As you may have noticed we wrote tests first before we wrote our code. In a way, tests drove our design. We used dependency injection and isolated InvoiceConnector with an interface. We did that not because dependency injection and inversion of control are the right things to do. We did that because we wanted to make our code testable.
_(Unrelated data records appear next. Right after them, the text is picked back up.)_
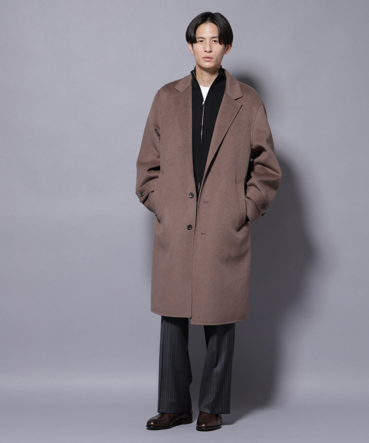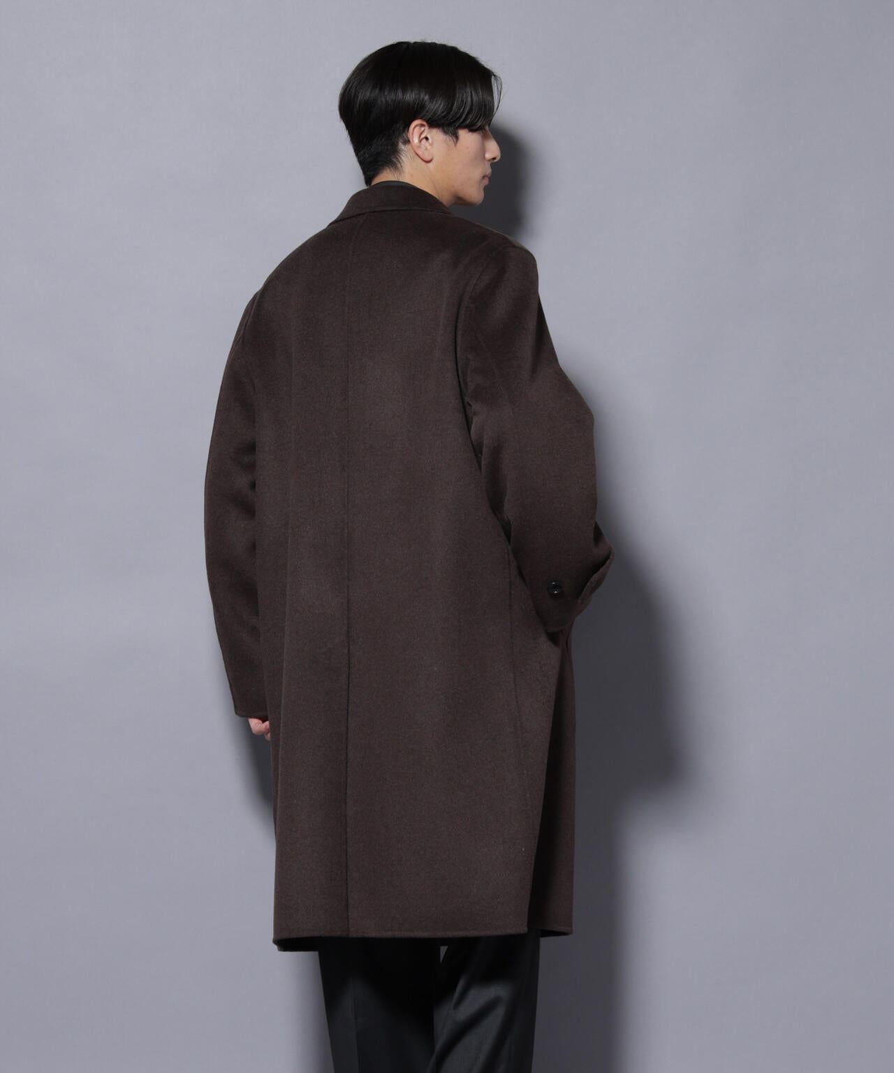 軽さと暖かさを兼ね備えた、上品なウールリバー仕立てのチェスターコート。一重仕立てのため羽織った時の軽やかさが最大の特徴。幅広く愛されるオーセンティックなチェスター型で、ONでもOFFでも幅広いシーンで活躍します。
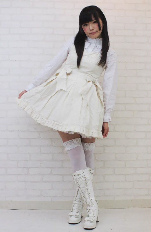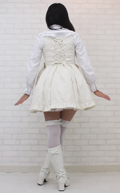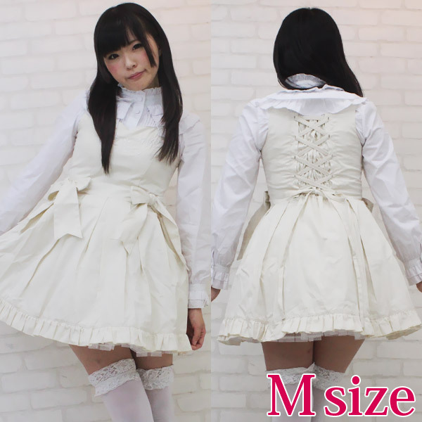ふんわりフリルが可愛いロリータ服!クラシカルで上品なオフホワイトのジャンパースカート&長袖ブラウスセット(M)。パニエが一体型になっているので、簡単に着こなせます。ウエスト両サイドのリボンが印象的!背面の編み上げはバックスタイルをキュートに見せます。胸元の刺繍モチーフも美しく、細部に至るまでデザインにこだわりを見せるロリィタ衣装です。※水洗い不可、塩素系漂白剤による漂白不可、アイロンは中温で当て布使用、ドライクリーニング可、色落ちの可能性があります。※こちらの商品は在庫の状況によりお届けまでに4日〜7日程度かかる場合がございます。
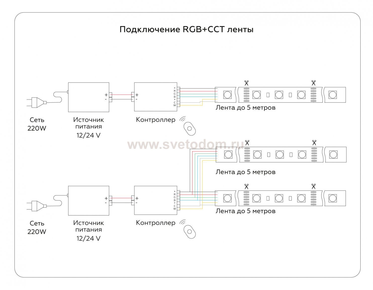 RGB+CCT 3000-6500 Общая мощность, Вт

Facades Vs. Dependency Injection

Now let’s take a look at “Facades Vs. Dependency Injection”. Since Laravel has concept of facades, we could have used real time facade instead of dependency injection. Our code would look something like this:

// in app/Connectors/ConnectorManager.php

use Facades\App\Connectors\InvoiceConnector;
// some code ...
public function createInvoiceRecord($order)
{
        try {
            InvoiceConnector::submitInvoice($order);
        } catch (\Throwable $e) {
            $order->invoiceRecord()->create([
                'error' => true,
                'error_message' => $e->getMessage()
            ]);
            return;
        }
// rest of the code ....

}

Then in hour test class we would have something like this:

// tests/Unit/ConnectorManagerTest.php

// some code ...
use Facades\App\Connectors\InvoiceConnector;
// some code ...

        InvoiceConnector::shouldReceive('submitInvoice')
            ->with($this->order)
            ->andReturn((object) [
                'response' => (object) [
                    'status' => 200,
                    'message' => 'OK',
                    'uuid' => 'ABCD'
                ]
            ]);
// rest of the code ...

I consider Laravel’s real-time facades to be useful for testing because you don’t have to think about how to better use dependency injection (should it be a constructor dependency injection, or method dependency injection). Laravel’s IoC container will resolve the class behind the scenes and hand to the method. When testing, it uses Mockery under the hood and gives you a mock instance of your class. Unfortunately, when IoC resolves a mock it first instantiates the class, and then gets the name of the class to create a mock. If class is instantiated before it gets mocked the constructor method gets triggered. In our case this will cause an issue, because we are instantiating SoapClient in the constructor and using fake WSDL. If we were to use a real WSDL we would have made an external call to check get the description. This is not desirable when running tests. If you run the tests on a computer without internet connection, the tests will blow up. That is why I prefer to use dependency injection to Laravel’s real-time facades.